[ANNOUNCE] BFQ-v7r2 for 3.0.0 - 3.13.0, plus 3.10.8+

Paolo Valente

unread,

Feb 14, 2014, 1:03:43 PM2/14/14

to bfq-i...@googlegroups.com

Hi,
you may have the impression that we entered a frenetic code-development
phase with BFQ. Well, you are right. Why?

Because at last it seems that we have found the time to pack BFQ for
submission to lkml. And, while breaking down BFQ into a set of logically
distinct patches (for review), we have bumped into a small piece of BFQ
that we could not describe clearly.
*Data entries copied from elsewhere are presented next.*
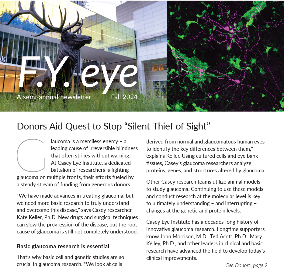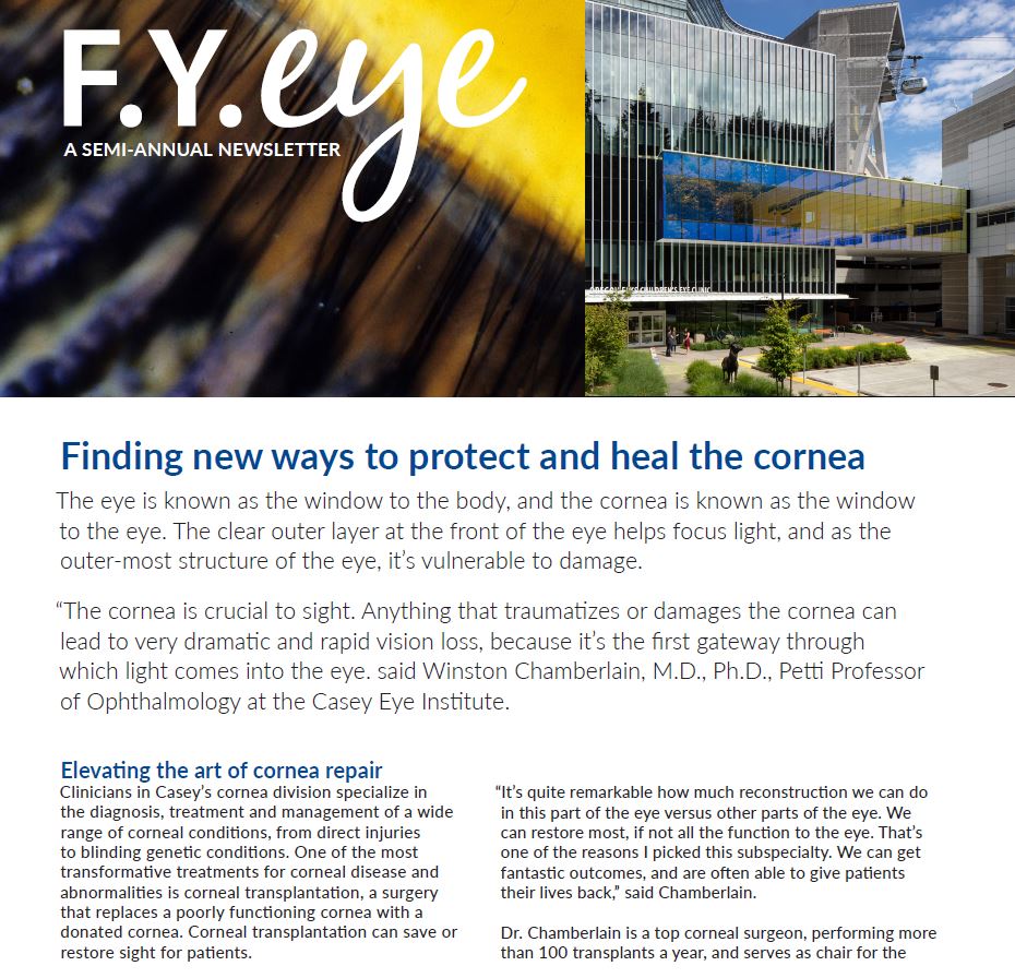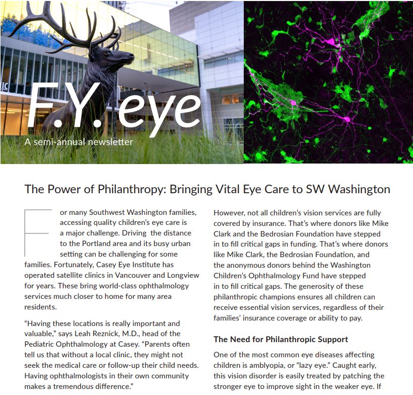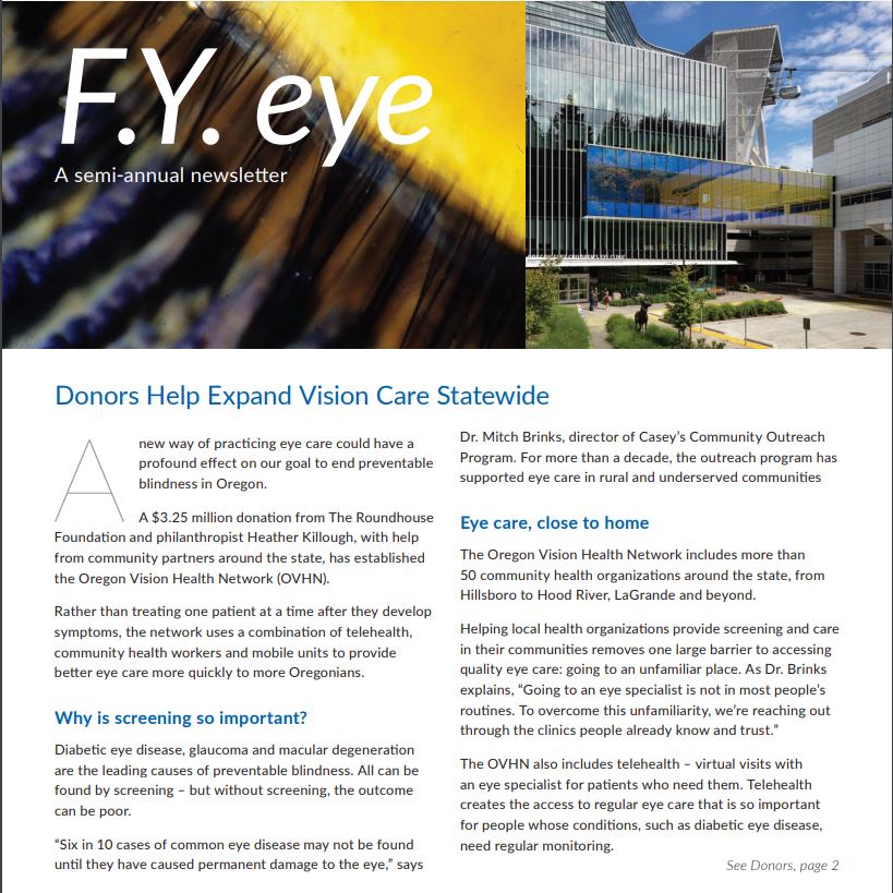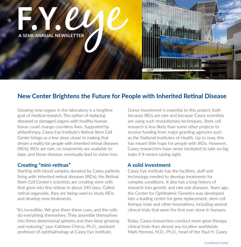 We invite you to view a selection of recent FY Eye Newsletters, which feature news, innovations, impact, patient stories and more from Casey's research, clinical care, education and outreach missions areas.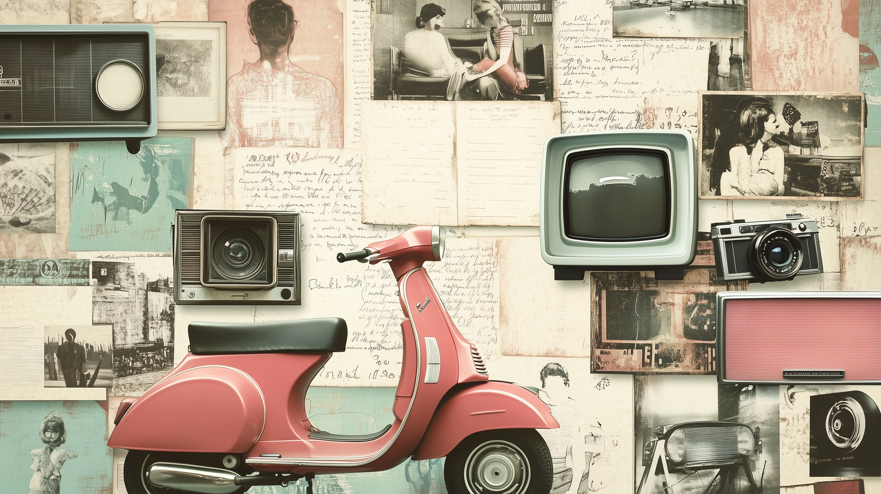 A visual collage capturing the essence of retro and vintage aesthetics, featuring elements like old-fashioned cameras, classic Vespa scooters, vintage TVs, handwritten notes, and vinyl records.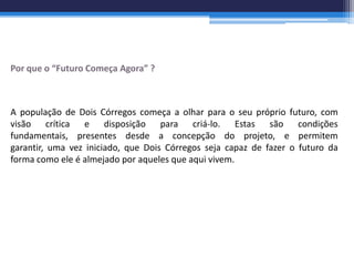 O projeto 'Dois Córregos 2030' visa engajar a população na construção de um futuro sustentável para a cidade, promovendo cooperação entre sociedade civil, poder público e iniciativa privada. A estratégia inclui planejamento, ação, e disseminação de informações, com foco na educação, cultura e economia criativa, para alcançar excelência até 2030. As propostas abordam desenvolvimento econômico, escolaridade e valorização cultural como pilares fundamentais para a transformação da cidade.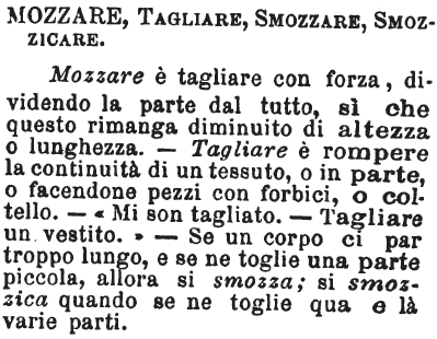 | Mozzare, Tagliare, Smozzare, Smozzicare - Mozzare è tagliare con forza, dividendo la parte dal tutto, sì che questo rimanga diminuito di altezza o lunghezza. - Tagliare è rompere la continuità di un tessuto, o in parte, o facendone pezzi con forbici, o coltello. - «Mi son tagliato. - Tagliare un vestito.» - Se un corpo ci par troppo lungo, e se ne toglie una parte piccola, allora si smozza; si smozzica quando se ne toglie qua e là varie parti. [immagine] |

Finally, we have understood,
embarrassingly, that we let the heuristic for soft real-time
applications perform one important step in a confused way ...

So we fixed that, and here is the result: v7r2. Besides being
conceptually clear, the new version of this step also provided little
additional benefits in terms of responsiveness and latency for soft
real-time applications. If you are interested into more details, I
pasted an excerpt of the changelog at the end of this email.

Thanks to the indispensable contribution of Arianna, patches are again
available for a countless number of kernel versions.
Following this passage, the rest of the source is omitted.